Program realization of algorithms

Solar concentrators banks Visualization subsystem with geopositioning

Layered visualization of geospatial data Figure 3. GIS Structure

The geographical information system planned to use the Earth remote sensing data from the space. The MхD14 product (Thermal Anomalies/Fire) is one of the real-time resources about the spots of possible thermal anomalies. It is obtained when processing the data from the MODIS sensor aboard the TERRA/AQUA satellites (the MOD14 and MYD14 products correspondingly). These products are made relying on the real-time data obtained in the ranges of 4 micrometers (the MODIS 21 and 22 channels) and 11 micrometers (the MODIS 31 channel). To mask the cloud cover, we use the 1 and 2 channels with resolution of 250 meters (ranges are 0.65 and 0.68 micrometers), as well as the 7 and 32 channels (the spatial resolution of the 7 channel is 500 meters, the range is 2.1 micrometers, the 32 channel has the spatial resolution of 1 km., the range is 12 micrometers). The product documentation [26] and a number of articles [27] describe the detection algorithm in detail. Besides, some fire products of the MODIS sensor have the products that inform about the fire location, the emitted energy, relation of ignition and smoldering, as well as some estimate of the outburned area.

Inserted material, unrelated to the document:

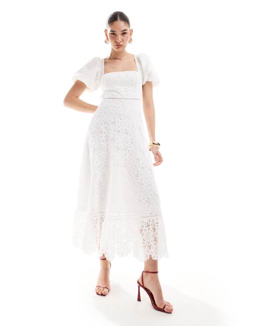 Maya – Vit midaxiklänning med detaljer och fyrkantig ringning i spets

The clouds are detected by a method, based on the technology, used when obtaining the global fire product with the help of AVHRR during the International Geo-sphere Biosphere Program (IGBP) [23]. The work [28] used the high resolution data (18 ASTER scenes) for validating the MODIS Thermal Anomalies product over Southern Africa. The ASTER instrument is also located on the Terra satellite platform and allows making investigations, which coincide with MODIS investigations in space and in time. Combination of these data allowed checking the validity of investigation over the active fires. The investigation area was only the Southern Africa territory, but we continue the work to validate the MODIS Thermal Anomalies product on the global level [23]. With the MODIS products, we can have a probability estimate of the cloud cover parameters over the controlled territory. These four conditions specify the cloud cover: clear, may be clear, indefinitely and cloudy. In principle, it is enough to operatively monitor the forest fire danger under the focused solar radiation effect.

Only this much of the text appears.